--- RECORDED DATA Enclosed Below ---

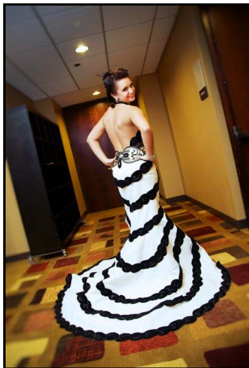
Product Runway 09
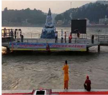
The Holy City gears up for G20.

The holy city of Rishikesh is set to host the events in May and June. Chief Minister Pushkar Singh Dhami has expressed his gratitude for the opportunity, and said the summit will
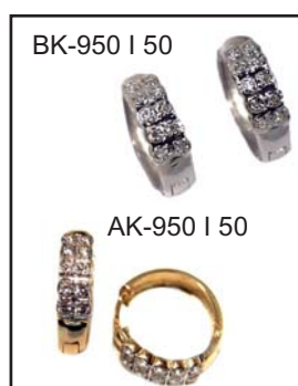
BK-950 | 50
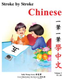
Stroke by Stroke Volume 3 一筆一筆學中文第三冊

聖地牙哥中文學校即將完成“好禮貌圖版”及“一筆一筆學中文第三冊”。這兩本書的作者為聖地牙哥華人服務中心董事長徐惠寶女士。“好禮貌圖版”利用圖來教導小孩與大人一些中華文化中的基本禮儀與道德。“一筆一筆學中文第三冊”收集了一些五個筆劃的中文字。
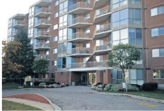
6 MONTHS CONDO FEES - FREE! $239,900 haltonhomes.com 11-158-30 W2086203
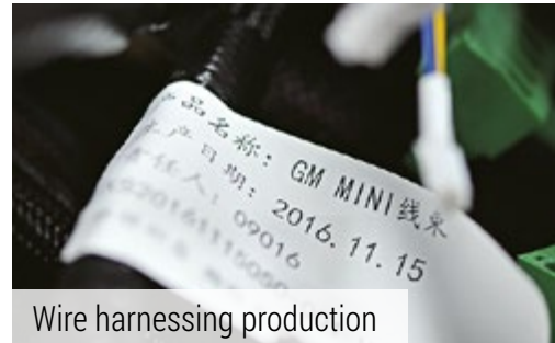
Wire harnessing production
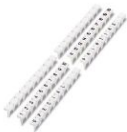
BNB Zack marker strip, 10-section, divisible, horizontally labeled with the consecutive numbers: 31 ... 40, white

Please be informed that the data shown in this PDF Document is generated from our Online Catalog. Please find the complete data in the user's documentation. Our General Terms of Use for Downloads are valid ( http://phoenixcontact.com/download )
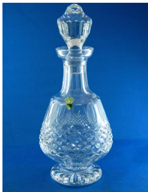
Lot 312 €60-€90

--- End of Enclosed RECORDED DATA ---

• **TASK REQUIREMENTS**
Extract each line from the listing that holds the word "一筆一筆學中文第三冊".

• **EXERCISE ANSWER**
Stroke by Stroke Volume 3 一筆一筆學中文第三冊
聖地牙哥中文學校即將完成“好禮貌圖版”及“一筆一筆學中文第三冊”。這兩本書的作者為聖地牙哥華人服務中心董事長徐惠寶女士。“好禮貌圖版”利用圖來教導小孩與大人一些中華文化中的基本禮儀與道德。“一筆一筆學中文第三冊”收集了一些五個筆劃的中文字。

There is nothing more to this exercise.